• TASK TO COMPLETE
With every picture left out, give the data below back exactly.

• INFORMATION PROVIDED

--------------------

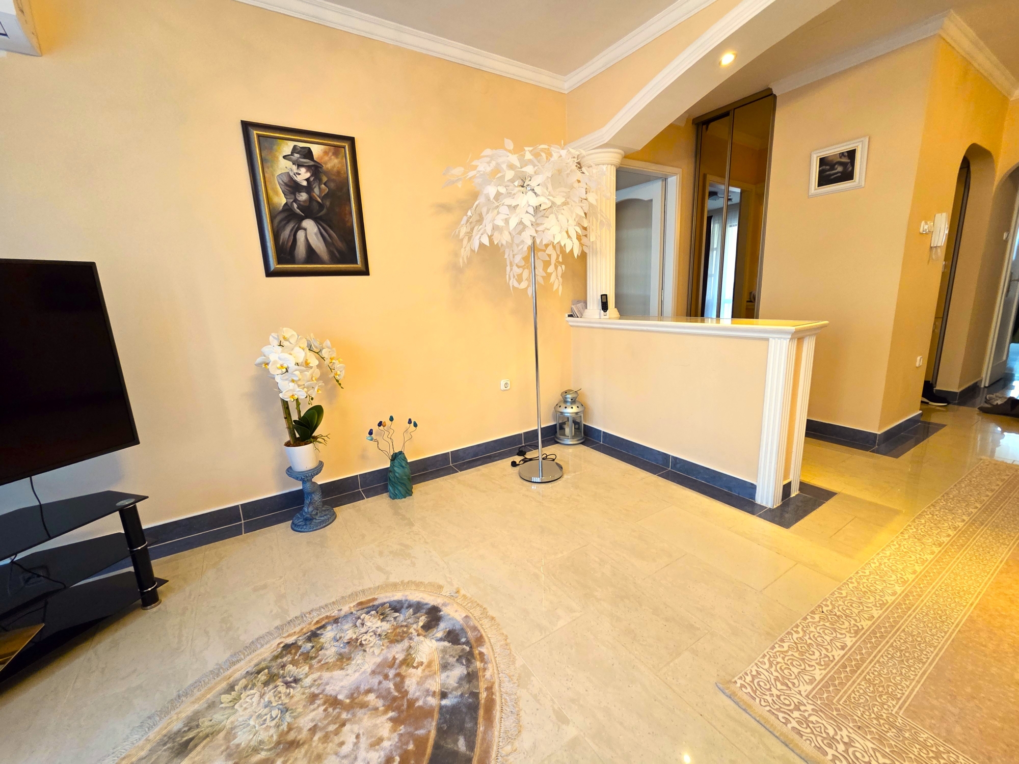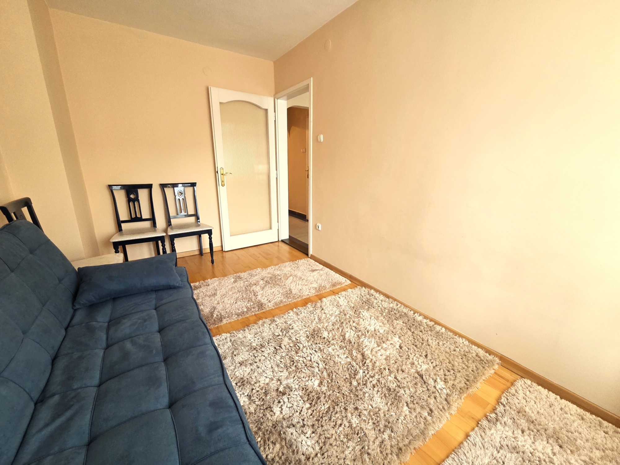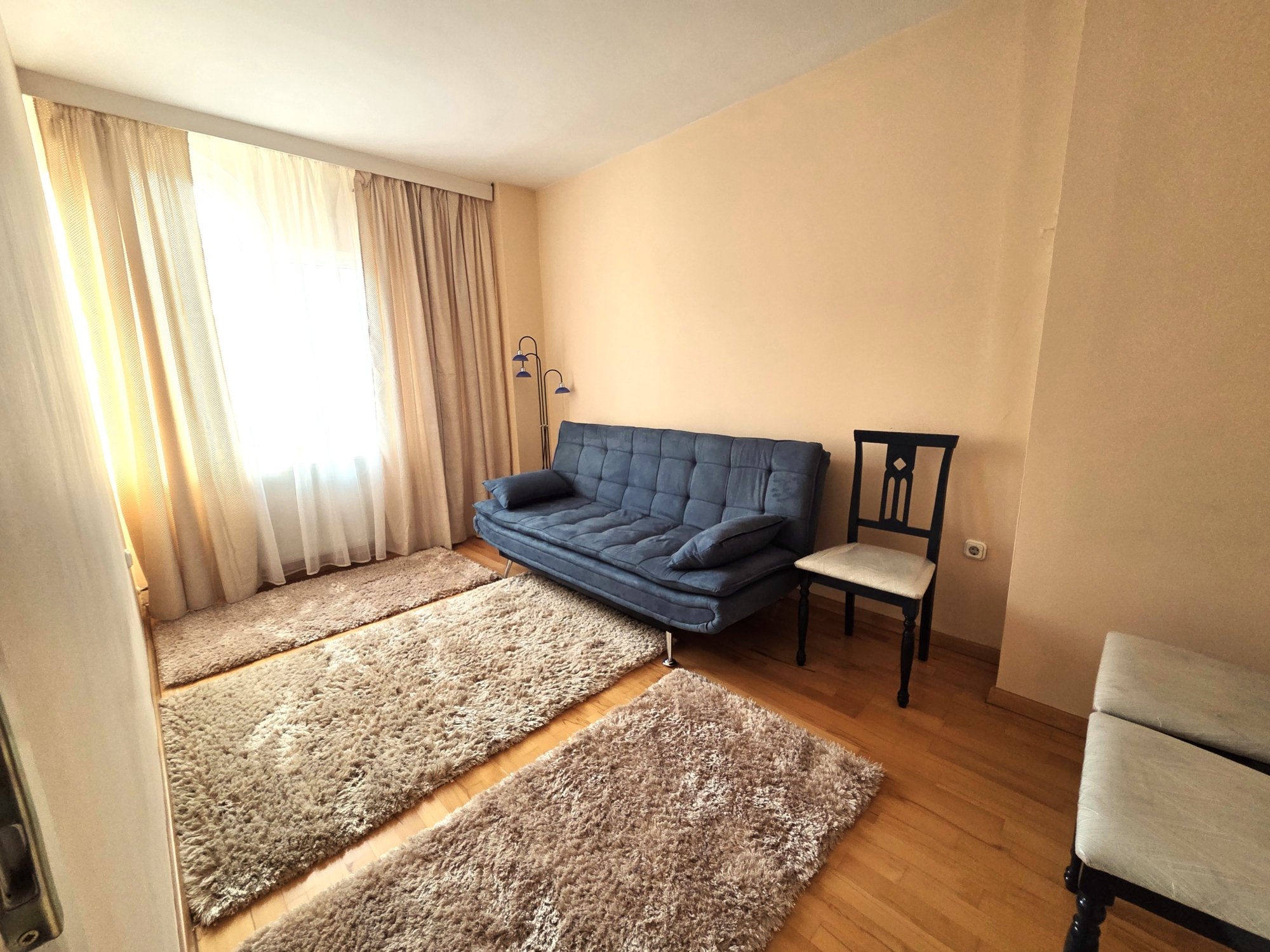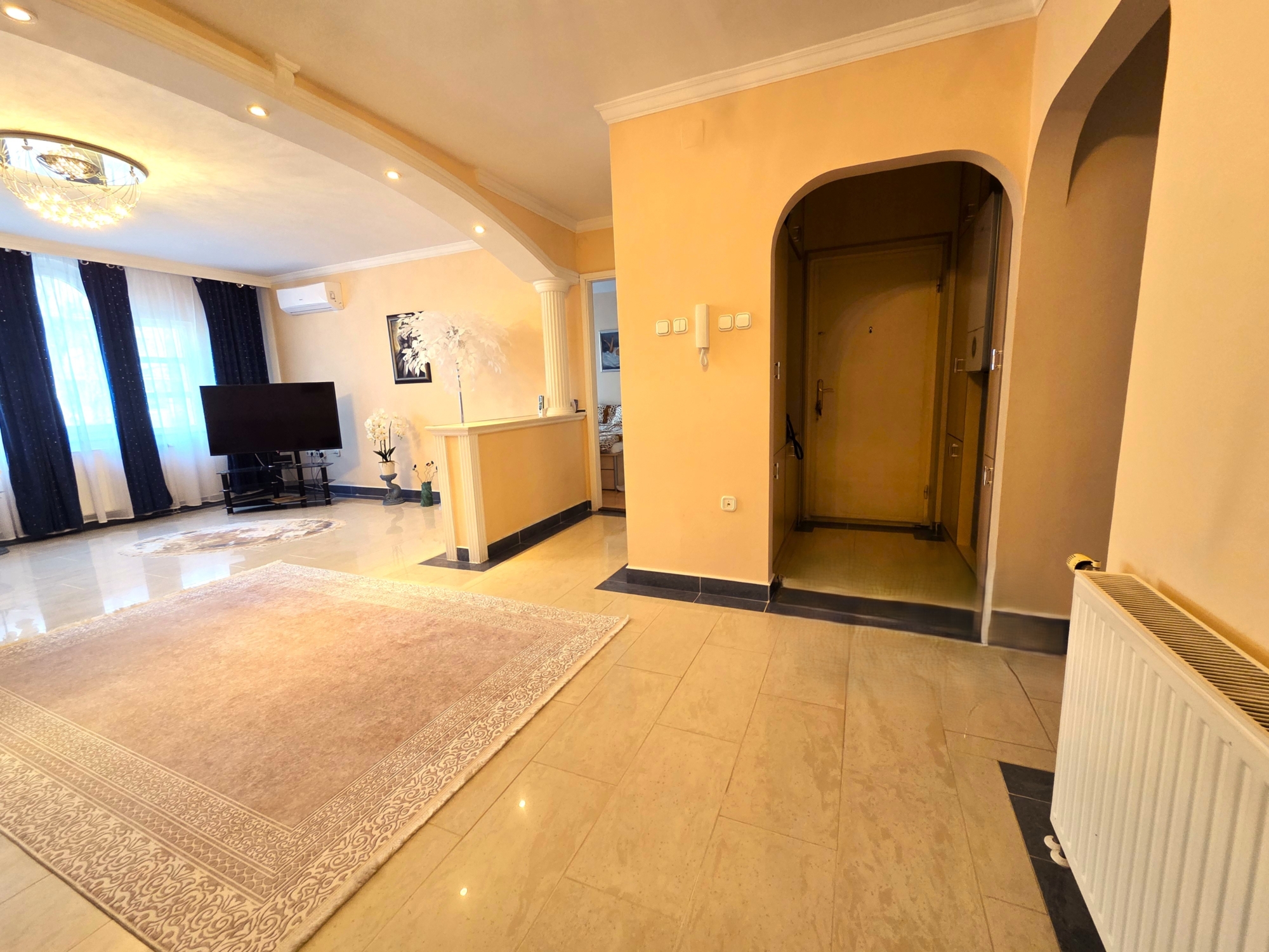 A lakásba lépve egy tágas, napfényes nappali fogad, amelyet a hatalmas ablakok tesznek különlegesen világossá.
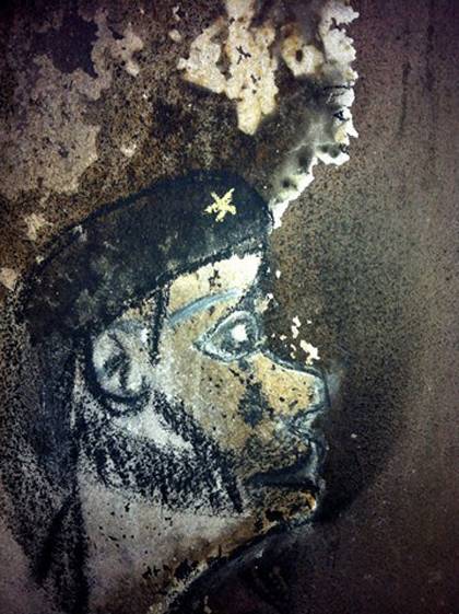 «Καθαρίσαμε τα αποκαΐδια» λέει ο Μανώλης Χάρος, και «επειδή δεν μπορούσαμε να δουλέψουμε όλοι ταυτόχρονα το πανό 6 μέτρων γιατί απλούστατα δεν χωρούσαμε, τους πρότεινα να ζωγραφίσουμε τους τοίχους που ήταν ήδη καμένοι κι επάνω τους ξεχώριζαν αμυδρά κάποια σχήματα Αυτό είναι ας πούμε, ένα παιχνίδι που παίζουν οι κρατούμενοι στην φυλακή, με την έννοια ότι από τη στιγμή που κοιτάζουν με τις ώρες τον τοίχο εκεί βλέπουν αγγέλους και δαίμονες, γυμνές γυναίκες, ξερά δέντρα, βλέπουν ό,τι μπορείς να φανταστείς».
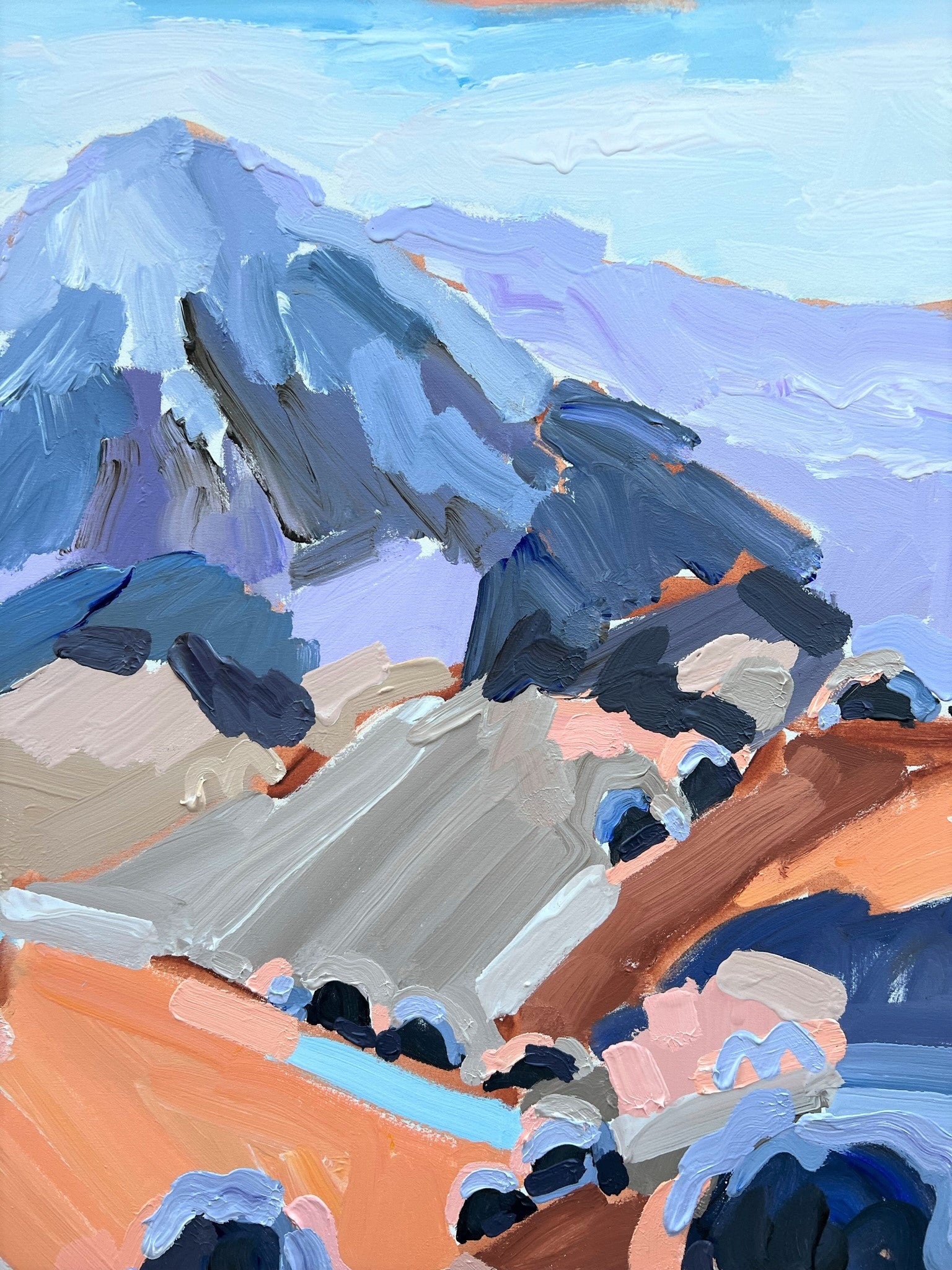 Tranquility Base was inspired by my visit to the beautiful Victorian countryside around Mount Macedon in Australia. From the property where we were staying was a view straight out to the majestic misty mountaintop and the lush grasslands below were covered in kangaroos basking in the sunshine. I wandered into these fields and found that the kangaroos all stopped eating and grooming to stare at me! It was a wonderful moment. I've tried to capture the warmth of the day and the peaceful feeling of the countryside into this painting.

--------------------

• TASK RESULT
 A lakásba lépve egy tágas, napfényes nappali fogad, amelyet a hatalmas ablakok tesznek különlegesen világossá.
 «Καθαρίσαμε τα αποκαΐδια» λέει ο Μανώλης Χάρος, και «επειδή δεν μπορούσαμε να δουλέψουμε όλοι ταυτόχρονα το πανό 6 μέτρων γιατί απλούστατα δεν χωρούσαμε, τους πρότεινα να ζωγραφίσουμε τους τοίχους που ήταν ήδη καμένοι κι επάνω τους ξεχώριζαν αμυδρά κάποια σχήματα Αυτό είναι ας πούμε, ένα παιχνίδι που παίζουν οι κρατούμενοι στην φυλακή, με την έννοια ότι από τη στιγμή που κοιτάζουν με τις ώρες τον τοίχο εκεί βλέπουν αγγέλους και δαίμονες, γυμνές γυναίκες, ξερά δέντρα, βλέπουν ό,τι μπορείς να φανταστείς».
 Tranquility Base was inspired by my visit to the beautiful Victorian countryside around Mount Macedon in Australia. From the property where we were staying was a view straight out to the majestic misty mountaintop and the lush grasslands below were covered in kangaroos basking in the sunshine. I wandered into these fields and found that the kangaroos all stopped eating and grooming to stare at me! It was a wonderful moment. I've tried to capture the warmth of the day and the peaceful feeling of the countryside into this painting.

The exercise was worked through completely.